Handsome new survey of 100 works defines modern drawing; The Modern Drawing: One Hundred Works on Paper from the Collection of the Museum of Modern Art, by John Elderfield. Boston: New York Graphic Society Books/Little Brown. 100 color plates. 216 pp. $37.50.

Don't you enjoy just holding an elegant book in your hands? It's delicious! John Elderfield's book is like that. Beautifully produced, generously sized, it's a gallery without walls, filled with 100 years of modern drawing.

But, what is a modern drawing?

Mr. Elderfield answers the question with the drawings in his book. He says, ''Of all our modern arts, drawing is most resistant to definition. The Museum of Modern Art simply calls every unique work on paper a drawing.''

The drawings in the book come in all mediums: pencil, ink, charcoal, watercolor, pastel, collage, and cutout.

Elderfield begins with Georges Seurat's 1881 rendering of a stone breaker. This picture is in the mood of Millet and Courbet, with its laboring figure in the foreground, but Seurat's treatment of plane foreshadows the style we now call modern.

Elderfield concludes with a 1977 Jasper Johns drawing done, in modern enough fashion, on a plastic sheet.

Among the many interesting works in between is a van Gogh drawing with a brush, reed pen, and ink of 1888. Mr. Elderfield's description of this drawing helped me understand van Gogh's style better, and provided a key to a lot of the other works, too.

''By virtue of this reduction to line,'' he explains, ''the symbolic component of drawing achieves extraordinary prominence. The street at Saintes-Maries, near Arles, is not so much described as summarized. A sequence of discrete graphic devices - parallel strokes, dots, dash-es, curves and so on, all of a varying size, density, and interval - symbolize the separately identified parts of the scene.

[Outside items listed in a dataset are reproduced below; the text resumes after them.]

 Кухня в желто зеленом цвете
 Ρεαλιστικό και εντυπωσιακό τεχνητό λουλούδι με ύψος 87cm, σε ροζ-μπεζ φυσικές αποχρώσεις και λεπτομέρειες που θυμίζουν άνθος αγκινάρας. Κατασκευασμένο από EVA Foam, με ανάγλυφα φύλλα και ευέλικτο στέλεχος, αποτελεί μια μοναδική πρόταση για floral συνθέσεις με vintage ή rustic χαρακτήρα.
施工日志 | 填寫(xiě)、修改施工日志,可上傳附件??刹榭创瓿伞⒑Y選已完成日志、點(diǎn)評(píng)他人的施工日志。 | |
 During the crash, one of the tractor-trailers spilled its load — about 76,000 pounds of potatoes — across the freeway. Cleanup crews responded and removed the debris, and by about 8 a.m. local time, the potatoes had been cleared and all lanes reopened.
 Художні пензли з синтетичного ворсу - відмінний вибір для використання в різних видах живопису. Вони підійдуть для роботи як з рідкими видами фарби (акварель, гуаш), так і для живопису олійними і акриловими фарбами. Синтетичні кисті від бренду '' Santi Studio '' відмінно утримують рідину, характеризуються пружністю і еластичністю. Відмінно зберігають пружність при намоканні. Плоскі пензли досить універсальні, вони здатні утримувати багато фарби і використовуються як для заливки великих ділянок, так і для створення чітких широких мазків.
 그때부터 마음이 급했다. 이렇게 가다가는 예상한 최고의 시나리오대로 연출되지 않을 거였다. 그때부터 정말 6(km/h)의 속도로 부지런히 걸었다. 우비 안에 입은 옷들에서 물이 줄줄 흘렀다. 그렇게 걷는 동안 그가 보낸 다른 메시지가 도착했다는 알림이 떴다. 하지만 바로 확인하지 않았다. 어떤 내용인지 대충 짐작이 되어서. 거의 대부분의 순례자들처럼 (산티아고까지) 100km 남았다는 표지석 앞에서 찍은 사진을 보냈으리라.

This is a coded abstraction of nature.''

To overstretch and oversimplify, one could say that the ''modern'' artist has invented a new hieroglyphics for us, seen in the power of cartoons to communicate ideas or of a Picasso doodle to capture new vistas.

The book shows us a Matisse of 1905, in which the master was interested in a portrait likeness but achieved it with an openness and variety of line similar to that recorded in Mr. Enderfield's description of the van Gogh.

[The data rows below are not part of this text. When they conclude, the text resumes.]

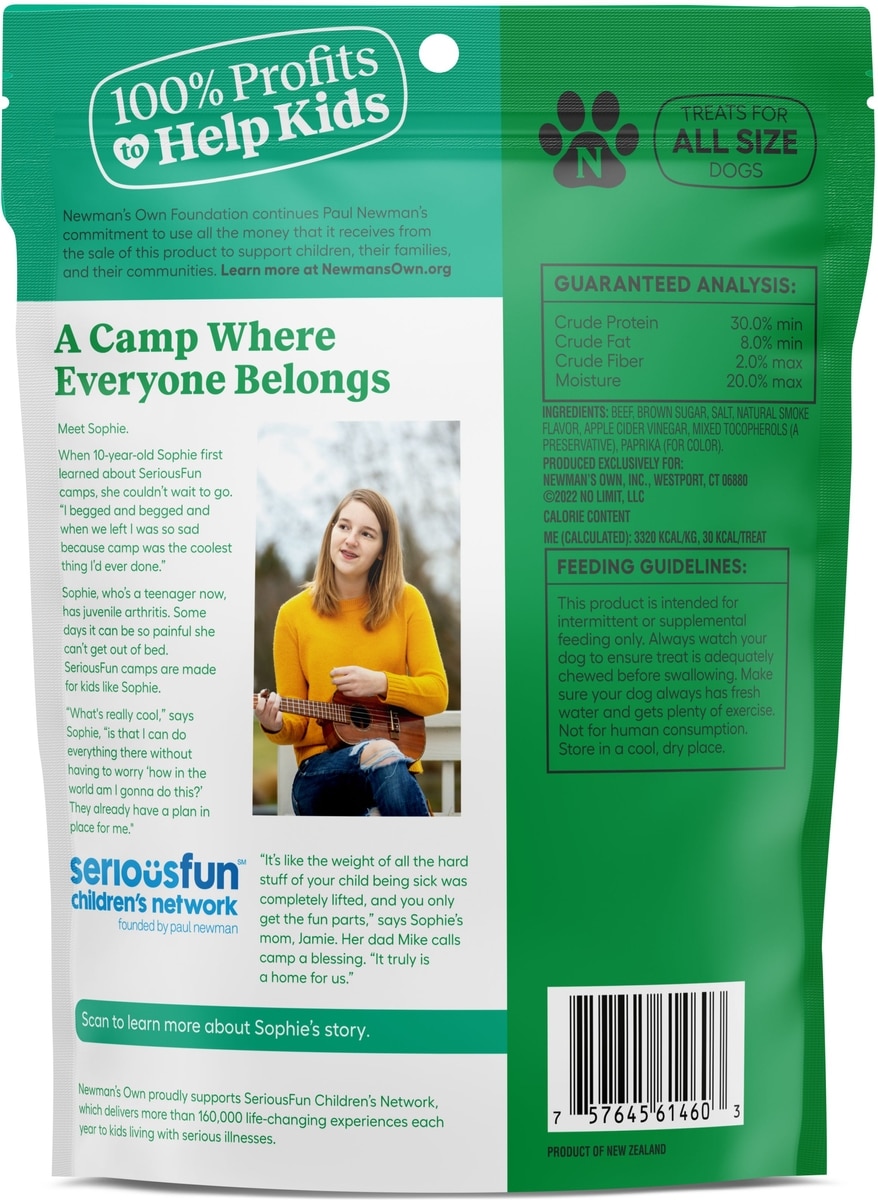- Newman's Own Beef Jerky Beef & Sweet Potato Recipe Dog Treats, 5-oz bag$9.00 Chewy Price$9.09 List Price$8.55 Autoship PricePromo, New Customers Only: Spend $49+, Get $20 eGift Card +1 deal
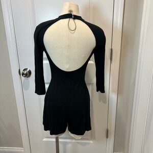 Black Ribbed Mock Neck Cutout Back Long Sleeve Romper
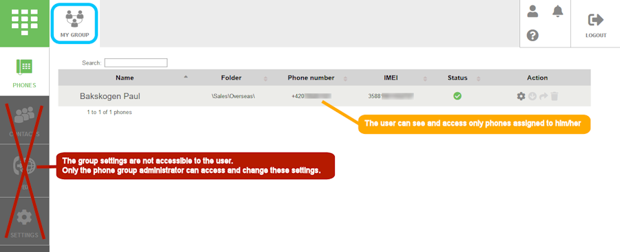 In the user’s dashboard the phone group can be seen. When phone group is opened, only those phones assigned to this user can be seen and can be accessed. The group settings (in the left vertical menu) are not accessible to the user. Those settings can be accessed only by the phone group administrator.
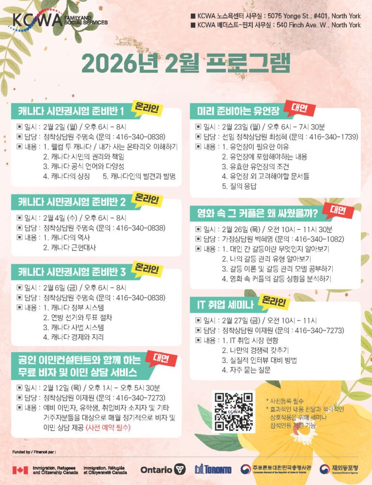 ‘정신과 전문의와 함께하는 청소년 정신건강 이야기’ ‘온타리오 가정법 알아보기’ ‘사회초년생을 위한 온타리오 고용 기준법’ ‘캐나다시민권 시험 온라인 연습반’ ‘영주권 카드 갱신 신청’ 등 알찬 프로그램으로 가득 합니다.
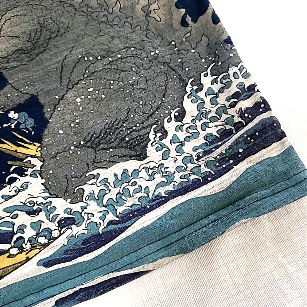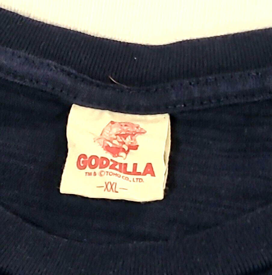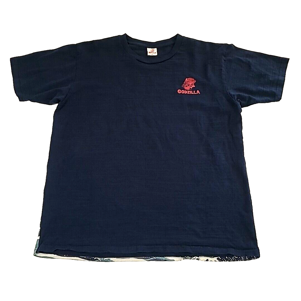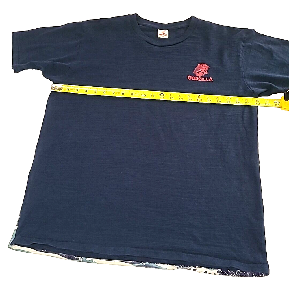 iconic monster with this Folcart Toho Godzilla Hokusai Ukiyo-e T-Shirt. Featuring a unique discharged print that is infused into the fabric, this shirt showcases a stunning design inspired by the famous Japanese artist Hokusai. XXL shirt comes in a stunning blue color and is officially licensed by Toho, the creators of the legendary Godzilla franchise. Whether you're a die-hard fan or just appreciate great design, this Folcart Toho Godzilla Hokusai Ukiyo-e T-Shirt is a must-have addition to your collection. Godzilla vs wave and boat APPROXIMATE MEASUREMENTS LAYING FLAT armpit across to armpit 22" back of neckline down to bottom hemline 27.5"

Further on, we see Robert Delaunay's 1911 pen and ink of the Eiffel Tower, fragmented into dynamic forms played against the rooftops of Paris. Here again, simple lines create what he wanted us to see and allow us to enjoy the multiple views he found interesting.

While the old masters worked with sculptural form and depicted objects, the modern artists shifted their interest to the picture plane itself and gave the line freedom to take off on its own.

I think it was Paul Klee who said that a line is a dot taking a walk. Certainly the line is the basic element of drawing. Lines - grouped, cross-hatched, loosely scribbled, brought to a halt in stipple - are all beautifully employed in Picasso's 1911 Standing Nude in pen and ink.

A few pages farther, we come a 1916 pen and ink with charcoal in which Lyonel Feininger sticks to a consistent crosshatch to express the planes - simple means for a Cubist-like picture.

The changing ideas about drawing and picturemaking brought along with them a kind of humility, too. Artists became fascinated with the pictures all around them in newspapers and magazines, the glut of cheap reproductions. They started to incorporate these into their pictures and, in doing so, introduced the line to the collage.

In 1922 Kurt Schwitters put together a collage called Santa Claus. He was turning old materials he had collected into a new art, restructuring the scraps of the past.

Another expression of complexity is seen in the work of Jean Dubuffet. It seems a long way from van Gogh's dots, dashes, and curves to the Dubuffet drawing of 1950 we see here. In a series called Corps de Dame, Dubuffet was interested in playfulness, ornamentality, childlike picturemaking, even in graffiti and handwriting. At least these were the kinds of things behind this complex drawing, with its element of the grotesque.

Near the end of the book, we come to a 1960 Claes Oldenburg work. Looking at it, I began to appreciate the production quality of this book. Kudos should go to production manager Tim McDonough. Many of these works are in color, but the simplest black and white one has been carefully reproduced to show even the tint of the paper.

This collection of drawings gives us a record of adventures with the line and the dot. It testifies to the acceptance of drawings as independent works of art, and to the idea of art as play.

If you're not sure you like drawing, or if you just want to appreciate it more fully, choose a favorite drawing and copy it - one from this book or from a favorite artist. Van Gogh copied Millet and other artists, including a popular Punch illustrator of the day. Just use a soft pencil and forget that you can't draw a straight line. You don't have to show the results to anyone. Don't even look too long at the results yourself! Just enjoy. It's the experience of doing it that makes us take a really good look. And the more we look, the better we see.